━━━━━ RECORDS TO USE
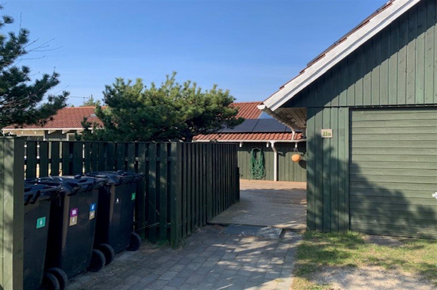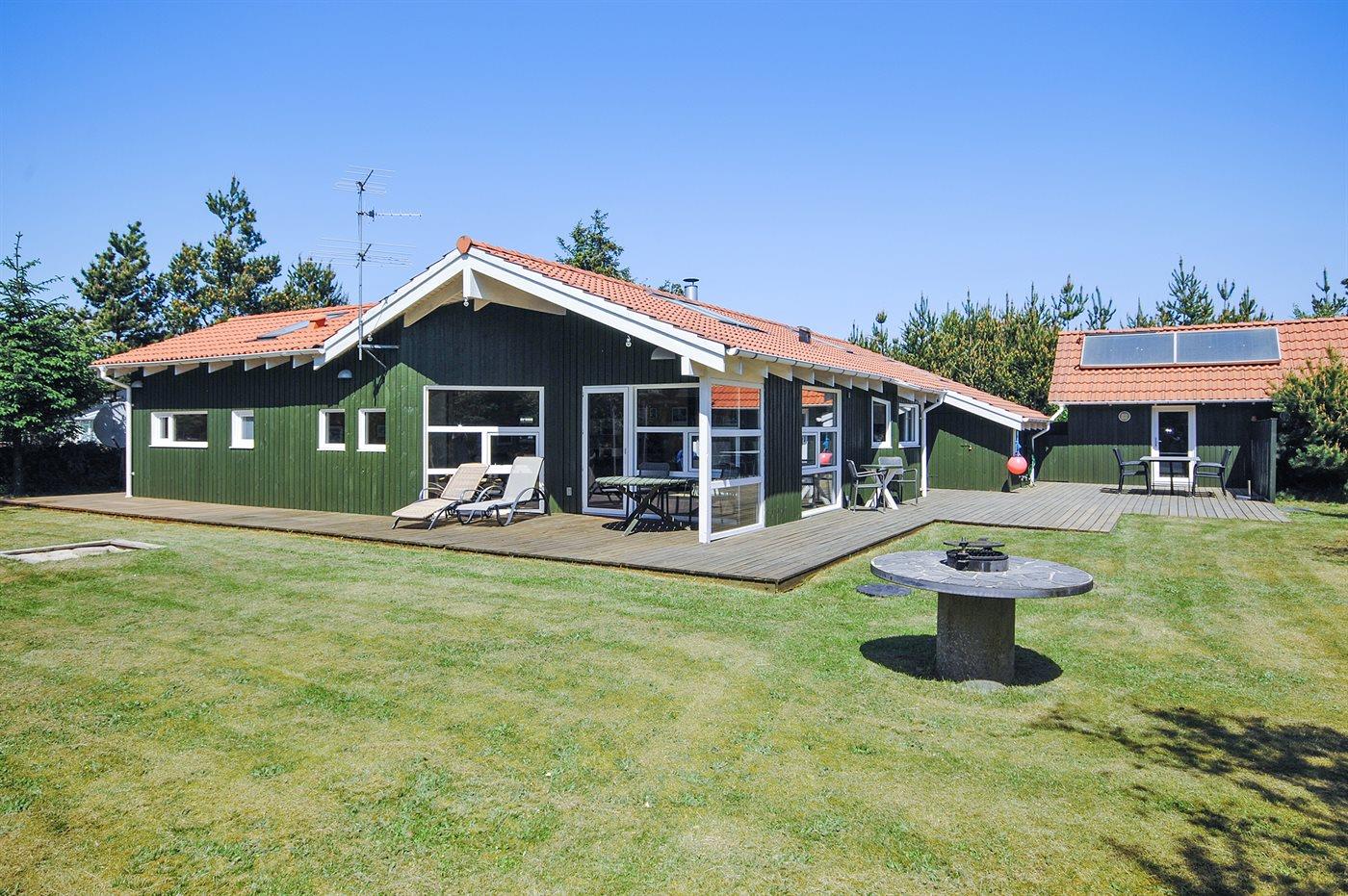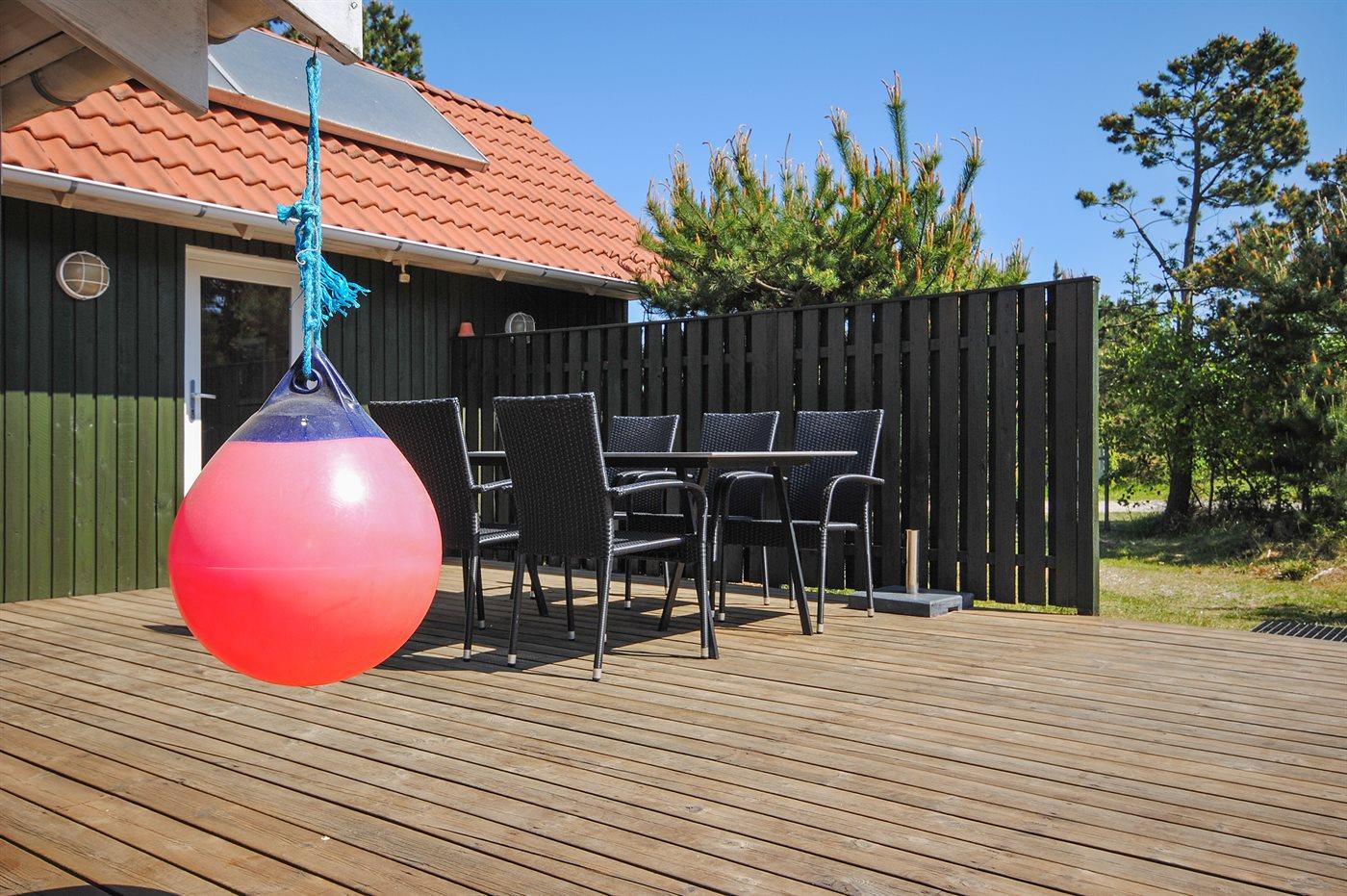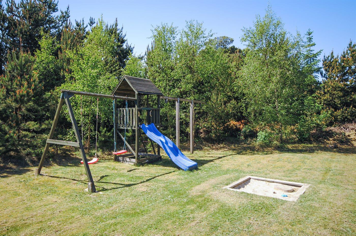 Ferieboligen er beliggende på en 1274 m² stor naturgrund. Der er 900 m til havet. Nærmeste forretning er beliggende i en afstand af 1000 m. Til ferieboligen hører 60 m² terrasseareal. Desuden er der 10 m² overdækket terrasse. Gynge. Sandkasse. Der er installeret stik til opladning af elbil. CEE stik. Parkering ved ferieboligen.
━━━━━━━━━━
━━━━━ RECORDS TO USE
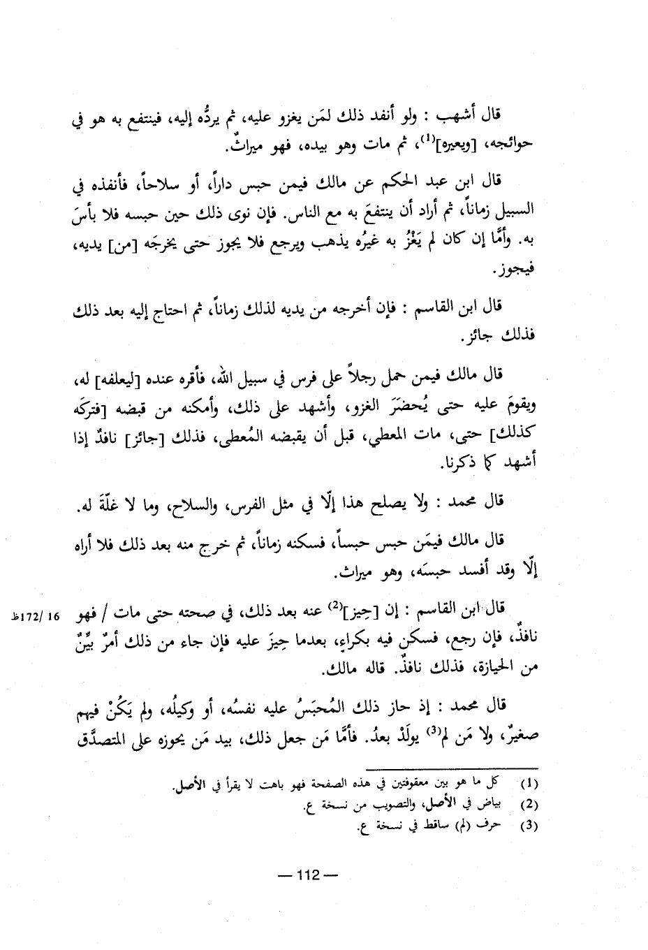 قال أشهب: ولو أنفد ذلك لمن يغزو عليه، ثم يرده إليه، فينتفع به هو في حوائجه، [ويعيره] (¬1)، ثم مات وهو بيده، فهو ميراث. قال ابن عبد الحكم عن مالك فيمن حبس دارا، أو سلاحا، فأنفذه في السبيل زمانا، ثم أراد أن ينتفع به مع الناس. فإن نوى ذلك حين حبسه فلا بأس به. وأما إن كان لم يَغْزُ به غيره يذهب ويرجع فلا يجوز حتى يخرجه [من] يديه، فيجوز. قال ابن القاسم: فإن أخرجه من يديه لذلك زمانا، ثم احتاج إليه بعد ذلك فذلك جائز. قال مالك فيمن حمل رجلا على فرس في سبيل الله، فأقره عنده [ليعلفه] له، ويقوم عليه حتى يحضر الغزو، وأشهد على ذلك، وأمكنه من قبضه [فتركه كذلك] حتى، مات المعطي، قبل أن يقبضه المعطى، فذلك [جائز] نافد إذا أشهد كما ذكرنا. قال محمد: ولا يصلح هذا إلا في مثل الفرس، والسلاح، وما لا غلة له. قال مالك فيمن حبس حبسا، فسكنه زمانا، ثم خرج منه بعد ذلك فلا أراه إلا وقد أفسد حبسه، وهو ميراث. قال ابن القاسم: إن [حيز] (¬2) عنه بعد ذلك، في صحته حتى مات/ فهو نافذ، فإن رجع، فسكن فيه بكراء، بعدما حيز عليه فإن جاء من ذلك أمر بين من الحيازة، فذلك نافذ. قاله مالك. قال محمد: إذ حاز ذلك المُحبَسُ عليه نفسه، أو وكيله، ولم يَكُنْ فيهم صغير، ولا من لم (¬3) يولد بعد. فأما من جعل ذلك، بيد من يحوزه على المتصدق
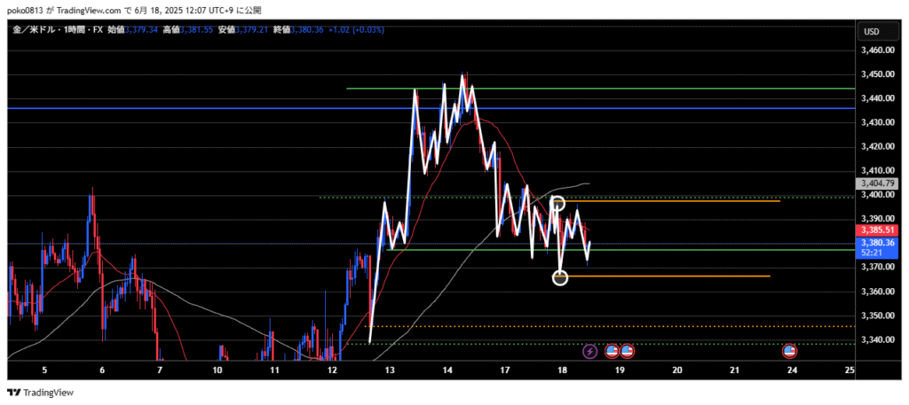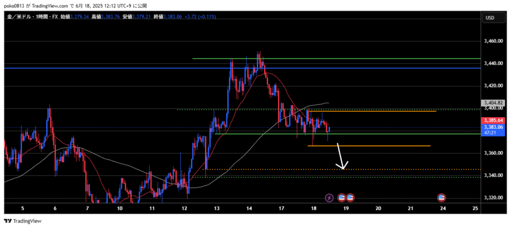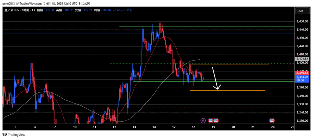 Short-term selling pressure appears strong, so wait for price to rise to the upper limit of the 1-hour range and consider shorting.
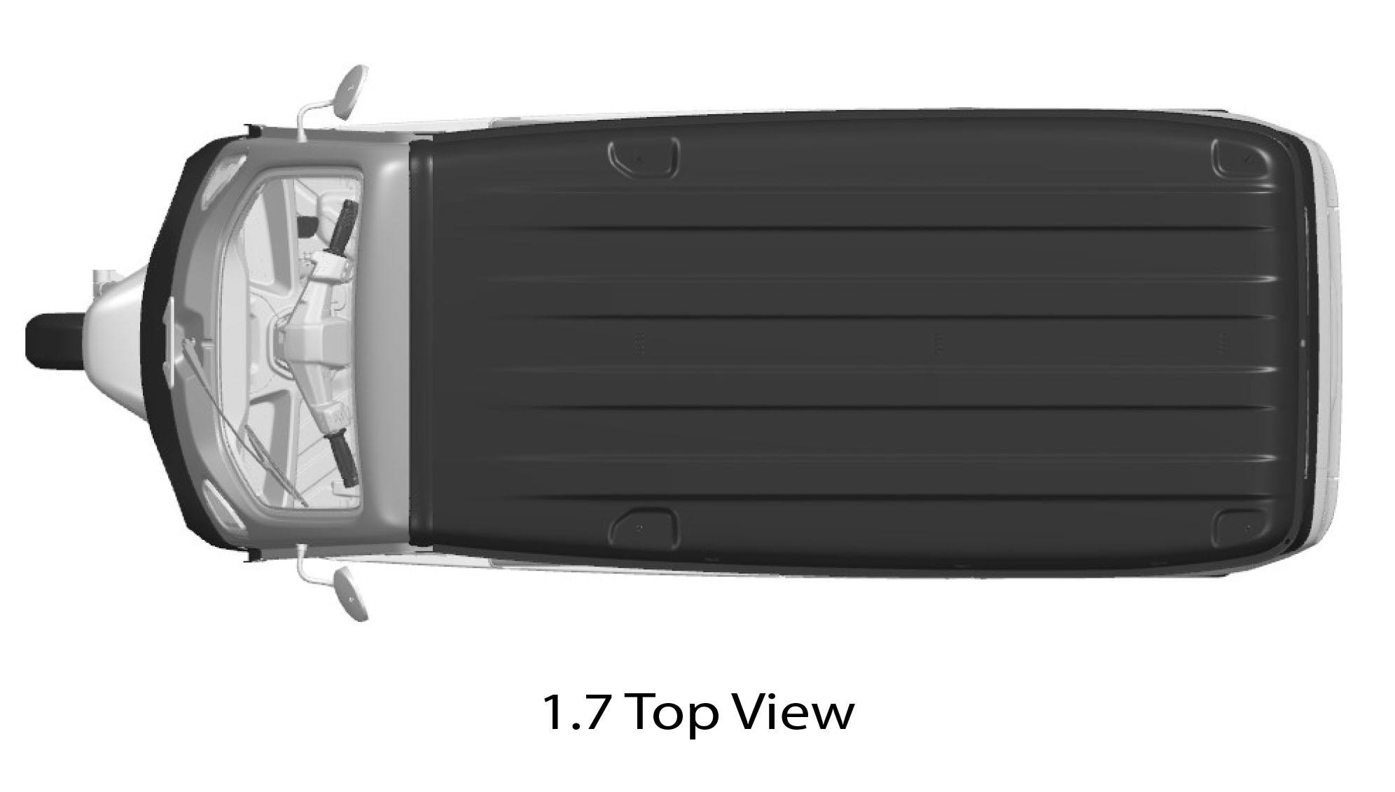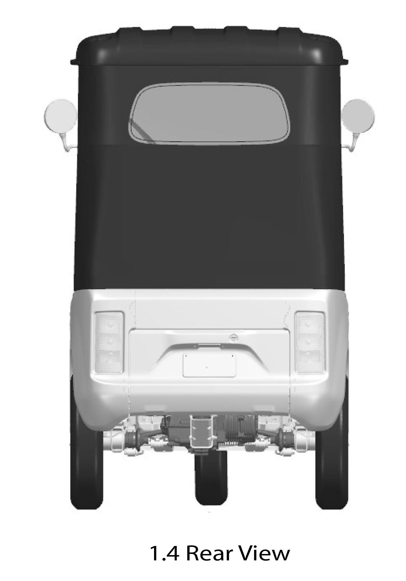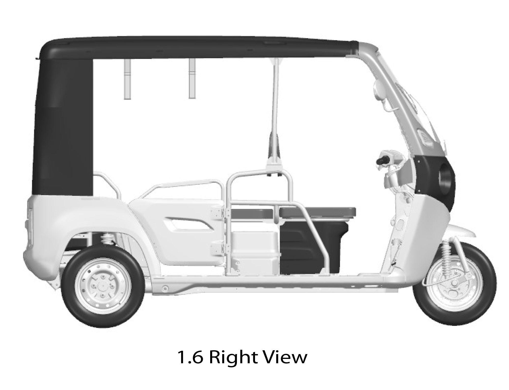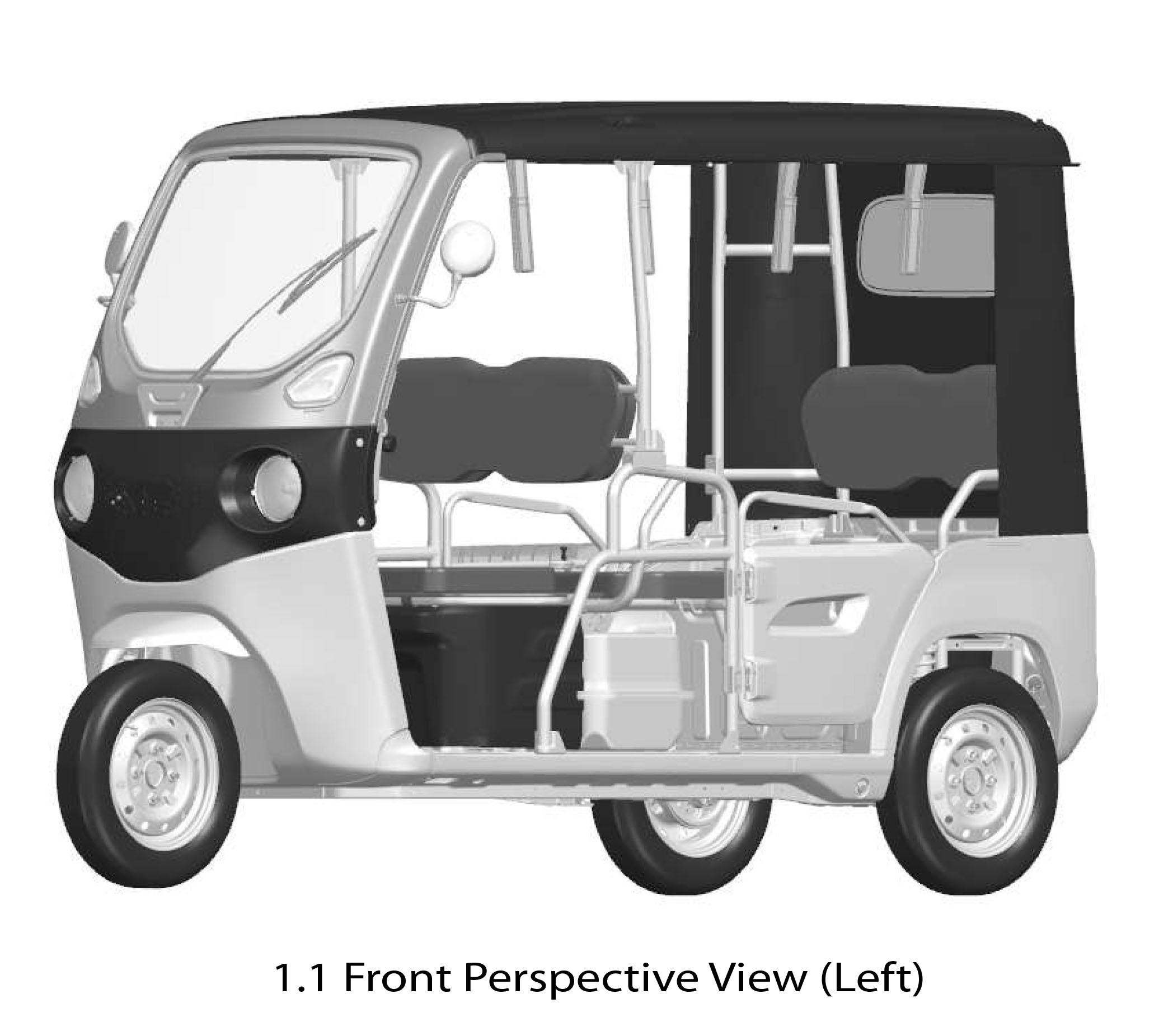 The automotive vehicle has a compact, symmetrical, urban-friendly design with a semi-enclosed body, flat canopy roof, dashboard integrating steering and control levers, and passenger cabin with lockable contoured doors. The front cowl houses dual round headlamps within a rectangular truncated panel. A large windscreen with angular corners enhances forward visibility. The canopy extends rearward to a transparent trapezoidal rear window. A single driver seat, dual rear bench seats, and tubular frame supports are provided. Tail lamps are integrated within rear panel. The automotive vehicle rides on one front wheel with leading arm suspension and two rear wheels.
━━━━━━━━━━
━━━━━ RECORDS TO USE
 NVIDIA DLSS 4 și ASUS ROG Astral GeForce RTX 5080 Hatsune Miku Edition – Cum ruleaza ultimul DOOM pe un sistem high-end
━━━━━━━━━━
• _AIM OF THE EXERCISE_:
Your reply is to be an exact repeat of the listing above from the line holding "Short-term selling pressure" down to the line holding "The automotive vehicle has", ends included, pictures excluded.

• _EXERCISE OUTPUT_:
 Short-term selling pressure appears strong, so wait for price to rise to the upper limit of the 1-hour range and consider shorting.
 The automotive vehicle has a compact, symmetrical, urban-friendly design with a semi-enclosed body, flat canopy roof, dashboard integrating steering and control levers, and passenger cabin with lockable contoured doors. The front cowl houses dual round headlamps within a rectangular truncated panel. A large windscreen with angular corners enhances forward visibility. The canopy extends rearward to a transparent trapezoidal rear window. A single driver seat, dual rear bench seats, and tubular frame supports are provided. Tail lamps are integrated within rear panel. The automotive vehicle rides on one front wheel with leading arm suspension and two rear wheels.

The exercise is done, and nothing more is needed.